その意味ではロレンゾが暗殺の決意に至る過程を描かないでいるのも演出上の秘訣かもしれない。
読書
「コンビニ人間」村田沙耶香 作
(文春文庫)
生まれつき自然な人間の感情を欠いている彼女は、コンビニ店員となることによってのみ、人間社会の仲間入りができるのだった。人格障害者の日常を描いた恐ろしい小説。
素人なので軽々しくは言えないが、ある種の人格障害・情性欠如型の人間が、ふつうの人間と思われるためにコンビニに身も心も捧げてしまう恐ろしい人生。彼女の情動・情緒はすべて周りの人間の口調やクセの模倣であり、本心は乾いた合理的なものでしかない。
彼女は自分の性格に悩むでもなく、これが自然だとばかりに部屋に男を飼ったりする。通俗小説の部類であればサイコパスの主人公が粛々と犯罪を犯す過程を描くところだが、全く違うこんなかたちで感情が欠落した人間の生きて行く様子を書けるとは、身も凍るような文学世界だ。
ほんとうの人格障害ではないにしても、子供の頃から「みんながなんで笑っているかよくわからない」「放っておけば一人でずっと絵を描いている」「人の言葉の背後には気持ちというものがあることを大人になってから知る」などという傾向のある自分のような者には他人事でない。冷や汗が出る思いで読んだ。
読書
「小川洋子の陶酔短篇箱」小川洋子 編著
(河出書房新社)
新旧日本文学の中から珠玉の短編を選び、小川洋子が独自のエッセイをプラス。魅力マシマシのアンソロジー。

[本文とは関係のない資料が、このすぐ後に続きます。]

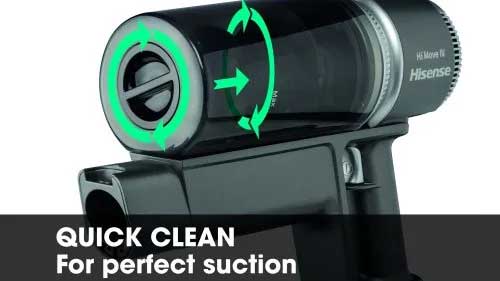 V več kot eni točki, so Hisensovi pokončni sesalniki oblikovani tako, da so izjemno lahko vodljivi. Pri sesanju držite najtežji del sesalnika v vaših rokah in imate zato popolno kontrolo nad gibi. Zglob med sesalno cevjo in krtačo je super fleksibilen in skupaj z majhnimi kolesi omogoča učinkovito sesanje tudi pod zelo nizkim pohištvom.
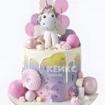 Этот торт — настоящая сказка в пастельных тонах! Нежный розовый крем создает воздушную основу, а золотистые брызги добавляют волшебства. Главный герой — очаровательный единорог с серебристой гривой, окруженный облаками из крема. Яркая цифра, выполненная в тонкой цветовой гамме, гармонично дополняет композицию. Мягкие переходы оттенков и деликатные детали создают ощущение легкости и праздника.

選ばれた短編のおもしろさはもとより、添えられたエッセイが単なる解説ではなく、作品の気になる部分を継いでさらに押し広げた小品となっていて、夢心地が覚めない感覚である。
「愛撫」梶井基次郎:猫を眺めて浮かんだ妄想を、実に綺麗につないで仕上げた硬質の短編。この仕上がりの格好よさはやはり著者ならではのもの。
「牧神の春」中井英夫:微生物の名前を呪文のように唱えているうちに半身が山羊となってしまった話。動物園でニンフと出会う。この作家がこんなに詩的で夢幻的だったとは。
「逢びき」木山捷平:戦後の物資不足の中、畑を作って懸命にやりくりする奥さん。くらべて復員したダンナの方はなんとものんきで、このダンナの逆らわない性格がほのぼのして良い。のんびりする。
「雨の中で最初に濡れる」魚住陽子:母娘共に、不思議なセールスレディの勧めるものを言われるがままに買ってしまうが、よかったよかったと言って喜んでいる。なにか浮遊感のある奇妙な現実が進行する。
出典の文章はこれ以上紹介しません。